Ibu masih terbengong-bengong melihat lahan parkir motor sekali lagi. Kendaraan Juna bukan tipe motor sejuta umat yang tersamar jika ada di dalam jajaran motor-motor di parkiran. Motornya cukup mencolok dengan warna merah-perak menyala.
Bawaan Ibu memang tidak banyak. Hanya cingur dua kilogram dan petis. Namun, tetap saja cukup berat dan menyebalkan jika tidak segera diletakkan di gantungan motor atau dimasukkan ke bagasi.
Dengan tergesa, Ibu mengambil ponsel dan berusaha menelepon Juna.
Tidak ada sambungan.
“Kok iso mati ngene, tho!” Ibu langsung kumat berbahasa Jawa saat tidak dikelilingi keluarganya. Menikahi pria dari pulau yang berbeda mau tidak mau menenggelamkan bahasa Jawa Timur yang biasa dia gunakan sebelum menikah. Demikian pula bahasa Batak suaminya pasti sudah hilang seiring waktu. Bahkan kini keduanya cenderung menggunakan bahasa gaul kekinian karena tertular anak-anaknya.
Matahari semakin naik dan terasa menggigit. Peluh mulai menetes di kening. Kekesalan Ibu pun memuncak.
"Junaaaaaaa..... ndek ngendi kon??!!" (kamu di mana?) Ibu berteriak ke langit.
“Ada apa, Bu?”
Suara seorang laki-laki dewasa mengagetkan Ibu. Wanita itu langsung menoleh.
“Bang, lihat anak saya nggak? Yang ganteng tinggi, pakai motor gede warna merah dan perak?” Ibu bertanya pada tukang parkir yang mendekatinya.
“Oh, Mas yang bawa-bawa kerupuk mateng gede, ya?”
Ibu membenarkan. Seenggaknya, tuh anak beneran udah beli kerupuk!
“Tahu, Bu! Mas yang itu kayaknya udah pulang setengah jam lalu. Kelihatan mencolok banget soalnya. Makanya inget.”
Wajah Ibu memerah. “JUNAAAA!!! Kon wani ninggalno Ibu neng pasar!!??? Ancene njaluk dikaplok ndhase arek iki!!!” (Kamu berani ninggalin ibu di pasar?! Beneran pengen digaplok kepalanya bocah ini!)
***
Sementara itu, di rumah. Suara motor terdengar. Bapak, Yudhis, dan Bima langsung berhamburan keluar.
“Juna?

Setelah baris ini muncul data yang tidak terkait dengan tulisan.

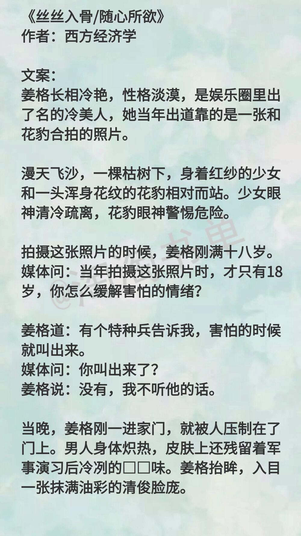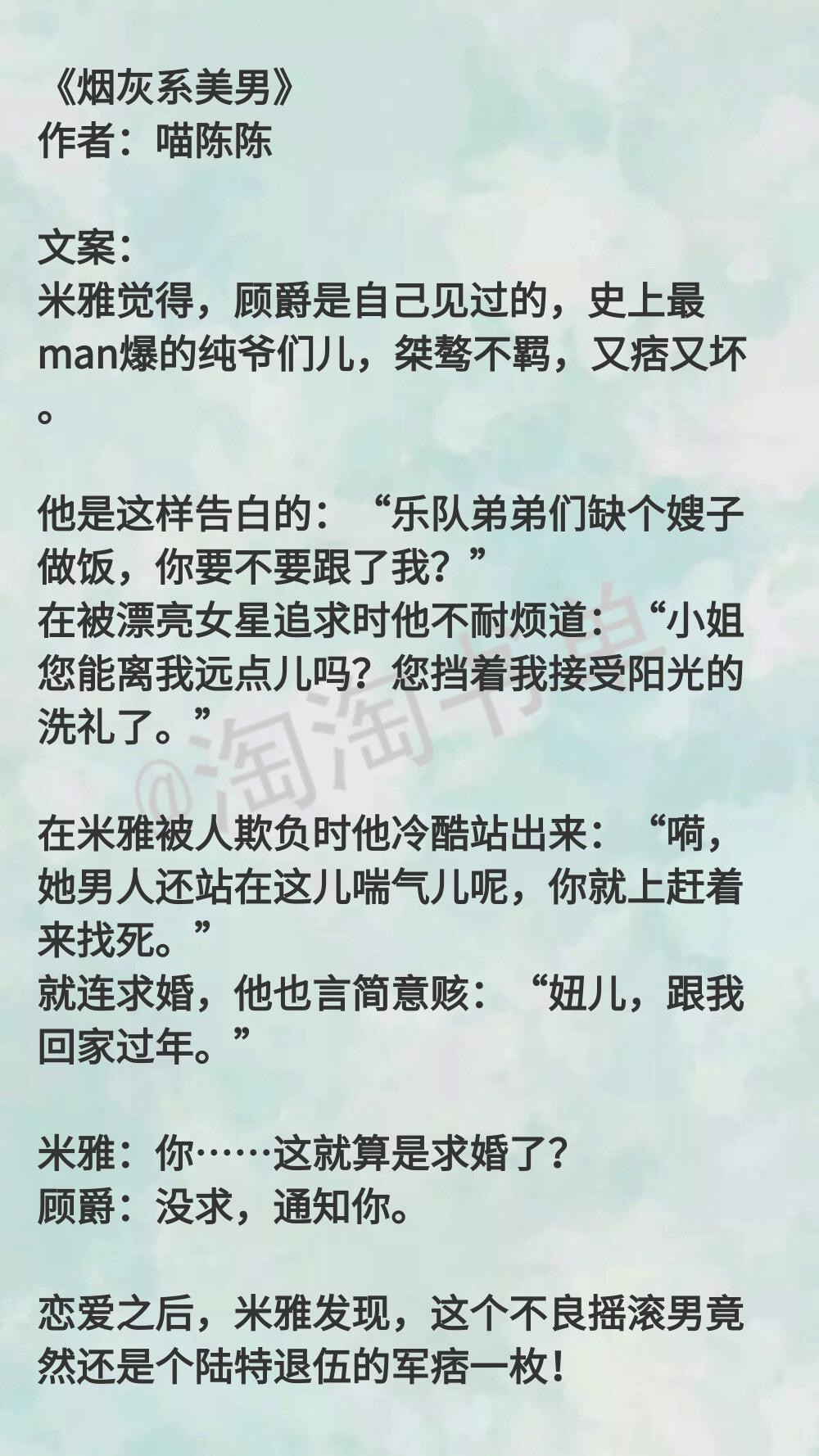 京味儿,加上以前是特种军人,一身痞气的摇滚明星男主,爱上外表装白莲花,实质泼辣的女演员。讲娱乐圈的事情比较少,讲两人的互动比较多。女主吐槽男主直男癌,大男子主义,但在他man爆了的气场下,还是爱上了他。还有一个姊妹篇,清酒系美男,是男主弟弟...

Mana ibu?” Yudhis yang pertama menyadari kalau Ibu tidak ada di belakang adiknya.
“ASTAGFIRULLAH! JUNA LUPA TADI KE PASAR SAMA IBU!”
Bapak mengguncang bahu Juna hingga kerupuk dan plastik berisi sayuran di tangannya terlepas. “Lane hatop, lului jo Umak! Sanga mago anon, dang adong be Umak!” (pergi sana cepat, cari Ibu! Hilang nanti, nggak ada Ibu lagi!) seru Bapak gabungan antara panik dan kesal.
Mulut Juna menganga. “Bapak ngomong apa?”
“AAAAARGHHHHH!!!”
***
Untung saja Yudhis yang akhirnya berangkat menggantikan Juna daripada nanti Ibu baru pulang besok lusa gara-gara Juna nyasar lagi.
Juna masih bersimpuh memeluk paha ibu ketika akhirnya semua sudah berkumpul di ruang keluarga.
“Bisa-bisanya Dik Arjuna ninggalin Ibu, hah?” Ibu masih bersedekap memandang anaknya yang mengeluarkan ekspresi memelas.